§ **Task objective**: An exact copy of every record is needed, with the pictures left out.

*-*-*

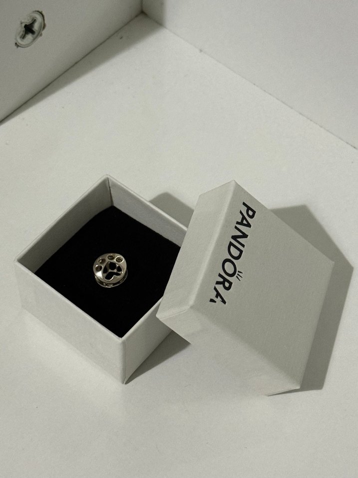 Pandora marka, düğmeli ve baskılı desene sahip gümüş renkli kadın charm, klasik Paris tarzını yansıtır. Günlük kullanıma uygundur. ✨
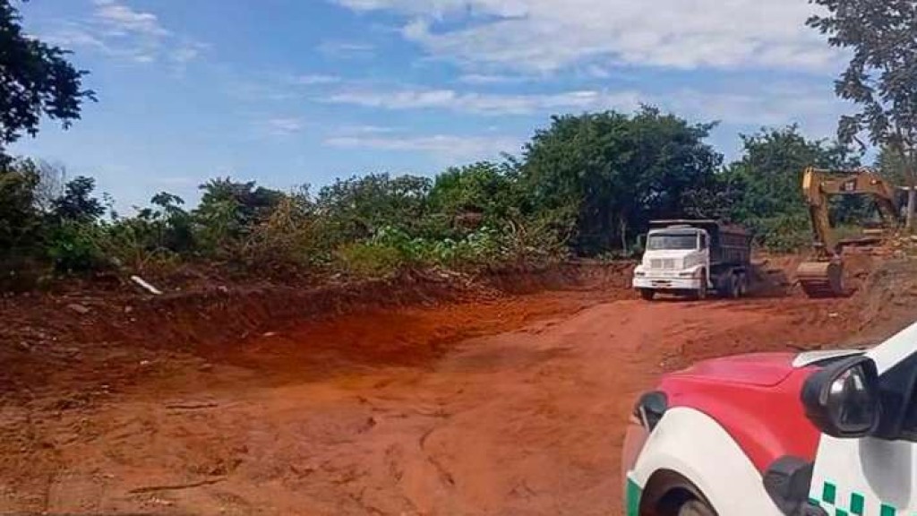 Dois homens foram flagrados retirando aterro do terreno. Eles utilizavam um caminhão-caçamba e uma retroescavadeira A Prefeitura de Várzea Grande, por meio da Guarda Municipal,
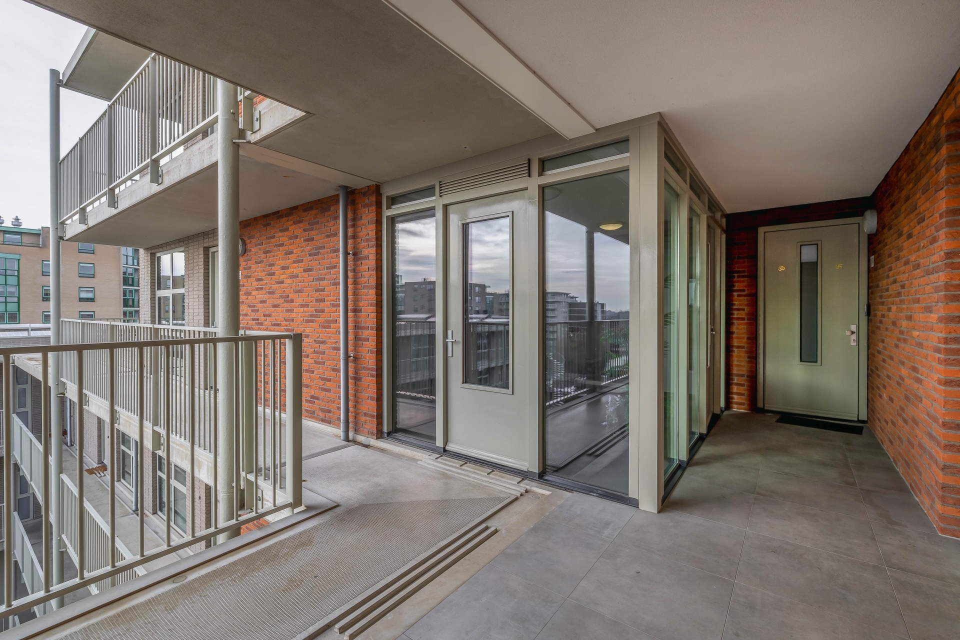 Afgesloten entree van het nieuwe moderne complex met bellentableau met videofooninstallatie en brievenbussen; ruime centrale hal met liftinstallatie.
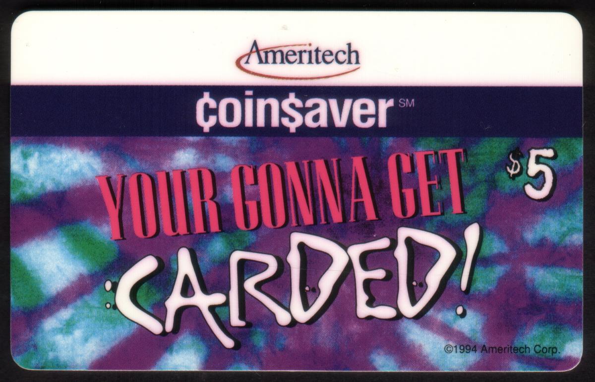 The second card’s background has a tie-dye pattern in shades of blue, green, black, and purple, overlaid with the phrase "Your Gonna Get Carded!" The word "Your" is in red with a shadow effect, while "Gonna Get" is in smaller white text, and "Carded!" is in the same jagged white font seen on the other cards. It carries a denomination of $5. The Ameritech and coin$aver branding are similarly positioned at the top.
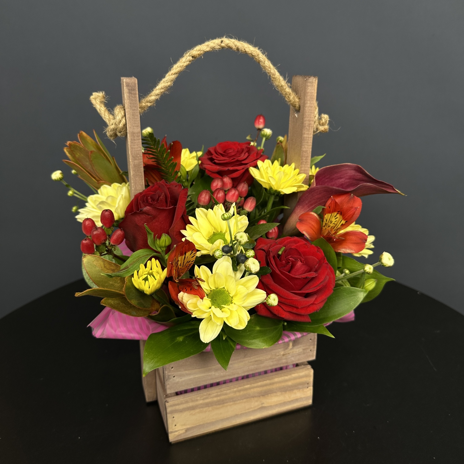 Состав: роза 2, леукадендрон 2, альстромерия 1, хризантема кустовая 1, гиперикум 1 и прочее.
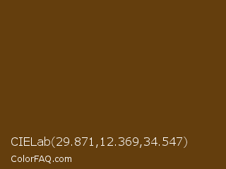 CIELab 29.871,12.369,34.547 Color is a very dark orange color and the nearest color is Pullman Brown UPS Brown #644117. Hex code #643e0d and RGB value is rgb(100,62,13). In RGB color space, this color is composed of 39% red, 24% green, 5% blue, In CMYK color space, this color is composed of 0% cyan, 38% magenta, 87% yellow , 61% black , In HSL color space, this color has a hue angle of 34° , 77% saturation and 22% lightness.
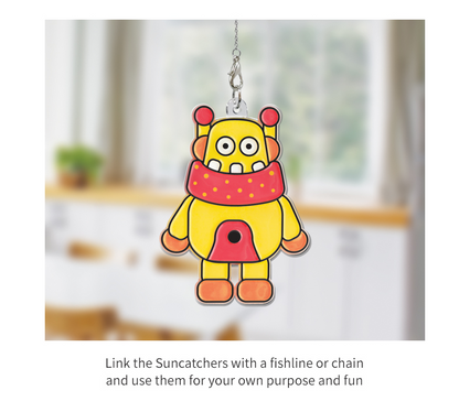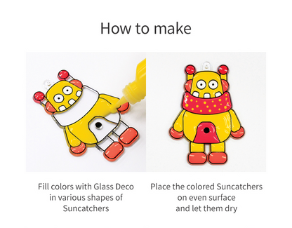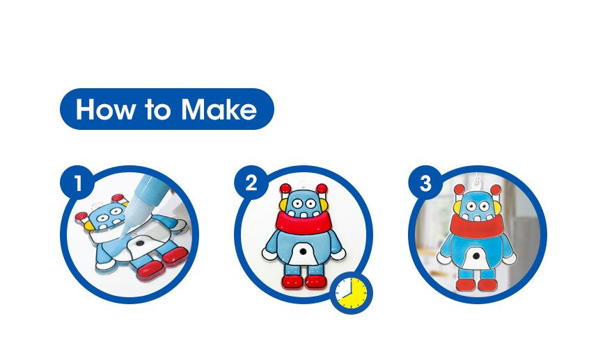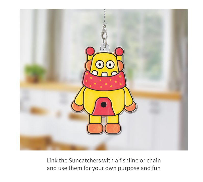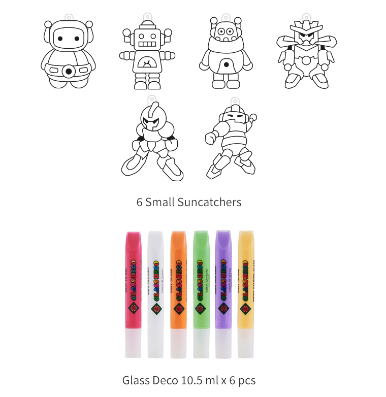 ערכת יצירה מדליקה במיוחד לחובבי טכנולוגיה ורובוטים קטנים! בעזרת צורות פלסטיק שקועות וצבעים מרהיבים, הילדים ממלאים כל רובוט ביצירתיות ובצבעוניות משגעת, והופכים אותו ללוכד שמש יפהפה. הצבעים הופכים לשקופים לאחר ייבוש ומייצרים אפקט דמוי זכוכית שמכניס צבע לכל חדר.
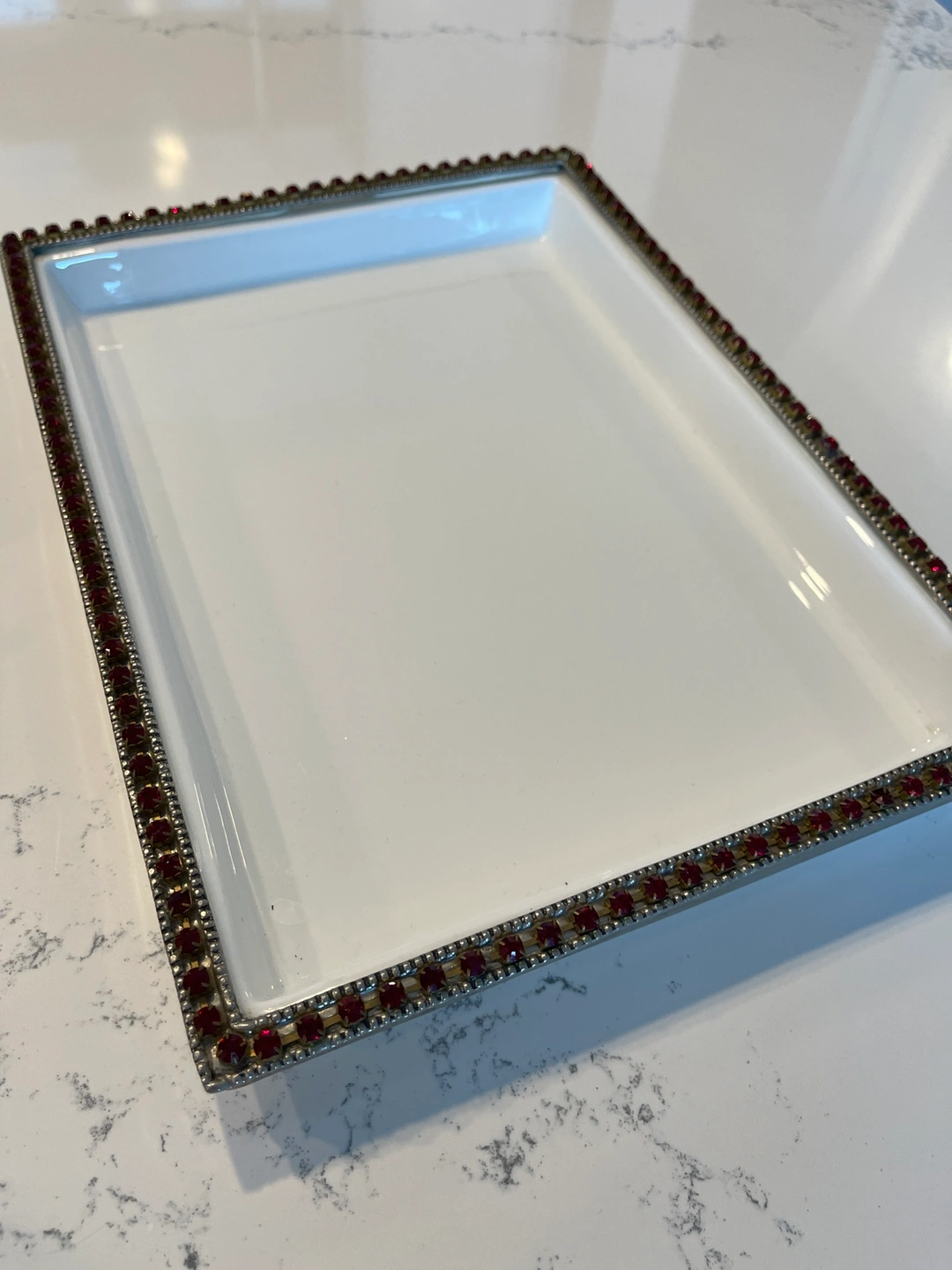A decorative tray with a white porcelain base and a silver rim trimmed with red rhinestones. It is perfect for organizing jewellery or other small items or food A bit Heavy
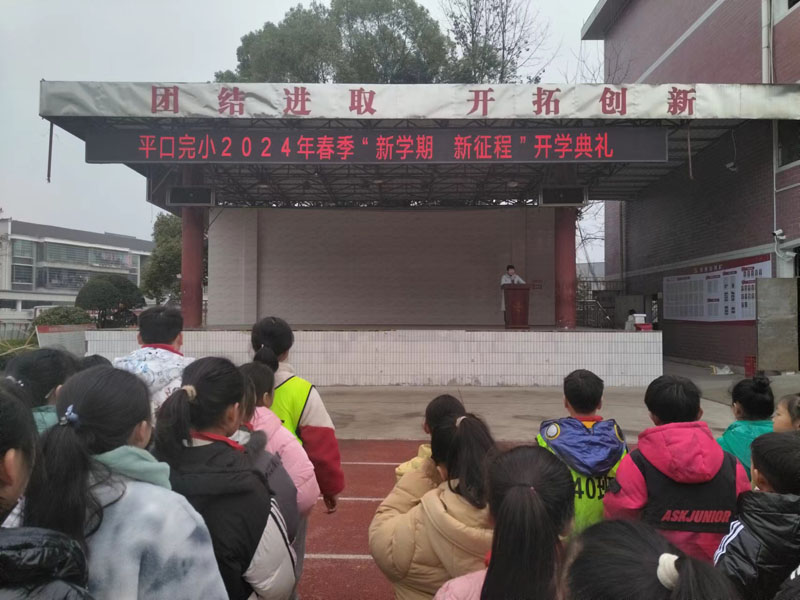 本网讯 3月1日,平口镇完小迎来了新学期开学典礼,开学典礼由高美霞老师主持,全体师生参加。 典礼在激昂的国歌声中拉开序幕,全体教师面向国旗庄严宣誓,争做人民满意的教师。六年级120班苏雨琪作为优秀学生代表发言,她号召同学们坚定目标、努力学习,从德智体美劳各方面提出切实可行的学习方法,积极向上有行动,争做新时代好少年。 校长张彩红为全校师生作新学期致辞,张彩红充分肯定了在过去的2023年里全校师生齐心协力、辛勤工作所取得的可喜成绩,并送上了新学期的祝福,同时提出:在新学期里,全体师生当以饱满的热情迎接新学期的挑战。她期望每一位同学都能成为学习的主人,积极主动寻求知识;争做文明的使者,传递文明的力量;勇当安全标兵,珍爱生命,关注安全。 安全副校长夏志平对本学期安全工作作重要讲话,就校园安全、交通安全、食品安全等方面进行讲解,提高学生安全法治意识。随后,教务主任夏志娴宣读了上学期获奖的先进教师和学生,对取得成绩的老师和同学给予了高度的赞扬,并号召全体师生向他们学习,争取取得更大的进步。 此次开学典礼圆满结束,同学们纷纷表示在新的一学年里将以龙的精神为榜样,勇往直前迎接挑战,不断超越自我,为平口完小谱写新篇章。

*-*-*

§ **Response box**:
 Pandora marka, düğmeli ve baskılı desene sahip gümüş renkli kadın charm, klasik Paris tarzını yansıtır. Günlük kullanıma uygundur. ✨
 Dois homens foram flagrados retirando aterro do terreno. Eles utilizavam um caminhão-caçamba e uma retroescavadeira A Prefeitura de Várzea Grande, por meio da Guarda Municipal,
 Afgesloten entree van het nieuwe moderne complex met bellentableau met videofooninstallatie en brievenbussen; ruime centrale hal met liftinstallatie.
 The second card’s background has a tie-dye pattern in shades of blue, green, black, and purple, overlaid with the phrase "Your Gonna Get Carded!" The word "Your" is in red with a shadow effect, while "Gonna Get" is in smaller white text, and "Carded!" is in the same jagged white font seen on the other cards. It carries a denomination of $5. The Ameritech and coin$aver branding are similarly positioned at the top.
 Состав: роза 2, леукадендрон 2, альстромерия 1, хризантема кустовая 1, гиперикум 1 и прочее.
 CIELab 29.871,12.369,34.547 Color is a very dark orange color and the nearest color is Pullman Brown UPS Brown #644117. Hex code #643e0d and RGB value is rgb(100,62,13). In RGB color space, this color is composed of 39% red, 24% green, 5% blue, In CMYK color space, this color is composed of 0% cyan, 38% magenta, 87% yellow , 61% black , In HSL color space, this color has a hue angle of 34° , 77% saturation and 22% lightness.
 ערכת יצירה מדליקה במיוחד לחובבי טכנולוגיה ורובוטים קטנים! בעזרת צורות פלסטיק שקועות וצבעים מרהיבים, הילדים ממלאים כל רובוט ביצירתיות ובצבעוניות משגעת, והופכים אותו ללוכד שמש יפהפה. הצבעים הופכים לשקופים לאחר ייבוש ומייצרים אפקט דמוי זכוכית שמכניס צבע לכל חדר.
A decorative tray with a white porcelain base and a silver rim trimmed with red rhinestones. It is perfect for organizing jewellery or other small items or food A bit Heavy
 本网讯 3月1日,平口镇完小迎来了新学期开学典礼,开学典礼由高美霞老师主持,全体师生参加。 典礼在激昂的国歌声中拉开序幕,全体教师面向国旗庄严宣誓,争做人民满意的教师。六年级120班苏雨琪作为优秀学生代表发言,她号召同学们坚定目标、努力学习,从德智体美劳各方面提出切实可行的学习方法,积极向上有行动,争做新时代好少年。 校长张彩红为全校师生作新学期致辞,张彩红充分肯定了在过去的2023年里全校师生齐心协力、辛勤工作所取得的可喜成绩,并送上了新学期的祝福,同时提出:在新学期里,全体师生当以饱满的热情迎接新学期的挑战。她期望每一位同学都能成为学习的主人,积极主动寻求知识;争做文明的使者,传递文明的力量;勇当安全标兵,珍爱生命,关注安全。 安全副校长夏志平对本学期安全工作作重要讲话,就校园安全、交通安全、食品安全等方面进行讲解,提高学生安全法治意识。随后,教务主任夏志娴宣读了上学期获奖的先进教师和学生,对取得成绩的老师和同学给予了高度的赞扬,并号召全体师生向他们学习,争取取得更大的进步。 此次开学典礼圆满结束,同学们纷纷表示在新的一学年里将以龙的精神为榜样,勇往直前迎接挑战,不断超越自我,为平口完小谱写新篇章。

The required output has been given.